Eager though he might have been to try his hand at operating the fancy forklift’s controls, Liam had no desire to risk retrieving the car from out of the tree merely to satisfy his own curiosity. One wrong move on his part and the car was liable to become a thousand-piece puzzle.
He definitely didn’t want to be the one responsible for that unfortunate turn of events.
“No, haven’t got a clue,” Liam confessed. “She’s all yours.”
Henry nodded his head, clearly expecting the reply he’d just heard.
“So why do you think you need a cherry picker way out here?” Henry asked. He looked from Liam to Mick and then to Whitney.
“Because of that,” Liam answered, pointing to one of the trees along the basin.
“That tree?” Henry asked. “Why would you— Oh.” The cherry picker’s operator stopped abruptly as he took in the entire scene and finally saw the precariously perched vehicle. He laughed shortly as he shook his head in wonder. “You people sure don’t make things easy out here, do you?”
Anxious about the condition of her sports car, Whitney cut to the chase. “Do you think you can get it down?” she asked.
“Oh, I can get it down, all right. But it’s not going to be easy and it’s not going to be fast,” Henry warned. “And it might not even be in one piece. But I can get it down,” he reasoned.
Getting the car piecemeal wasn’t going to do her any good. “How long would it take you if you took the proper precautions to get it down in one piece?” Whitney asked.
“Won’t know until I start,” Henry answered. “I’m also going to have to have someone working with me,” he added, giving the situation further thought. “This is not a one-man job.”

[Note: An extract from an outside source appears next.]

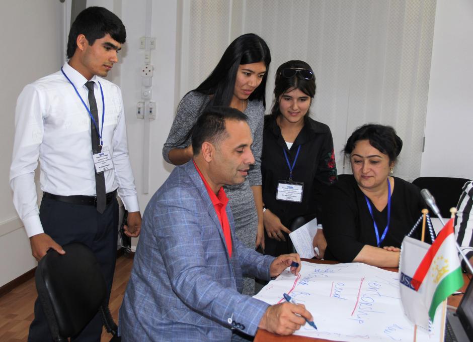 Participants during a two-day train-the-trainer course on mentoring for political parties, Dushanbe, 12 October 2017.
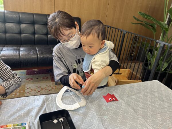 ゆらゆら揺れる、かわいいこいのぼりができました。

“What do you need?” Liam asked.
“I need someone in the basket,” Henry said, nodding at the extreme upper part of the cherry picker. “To secure the car,” he explained. “Otherwise, the damn thing’ll just come crashing down to the ground the second we try to move it.”
“Tell me what to do,” Liam told the operator, volunteering for the job.

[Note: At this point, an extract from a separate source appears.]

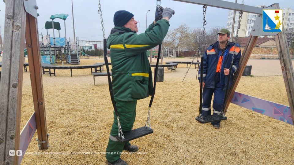 Специалисты «Парков и скверов» очистили игровые элементы и заменили две качели. Ранее на этой неделе здесь уже отремонтировали детские горки.
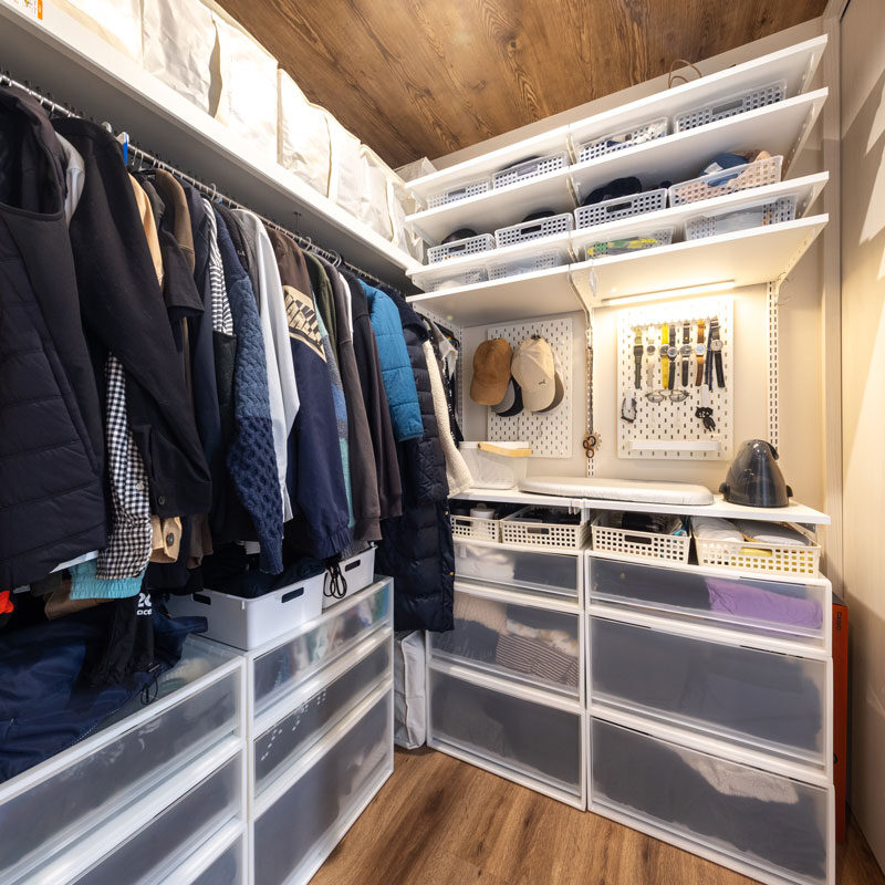 5年の歳月が流れ、H様邸は少しずつ変わりました。ご主人のためのワークスペースは奥様とご長男のものとなり、子ども部屋は、おばあちゃんになった猫ちゃんの部屋に。たくさんつくった収納やディスプレイ棚は、思い出の物でいっぱいになり、悩んでは手放し、また増えていく――。そんな積み重ねが家の歴史になっています。

Henry laughed softly to himself. “The first thing you need to do is back away from the cherry picker and let me call someone on-site,” the man said seriously. “No offense—and thanks for the offer—but this’ll go a whole lot better and faster if someone with experience is doing it.”
Liam took no offense at being turned down. “I get it. But in the interest of time, I thought I’d volunteer.” And then he felt compelled to add, “Securing a car isn’t rocket science.”
“Might not be rocket science,” Henry agreed, “but one wrong move and no car, either. Hey, it don’t matter to me one way or the other, but I think this little lady might have something to say about it.” Henry’s small, deep-set brown eyes darted toward her.
Whitney was still having trouble wrapping her mind around this rather strange turn of events: first she nearly drowned, and then her vehicle was thrown into a tree. It all felt like some sort of a bizarre nightmare. A small part of Whitney thought that she’d actually wake up at any moment.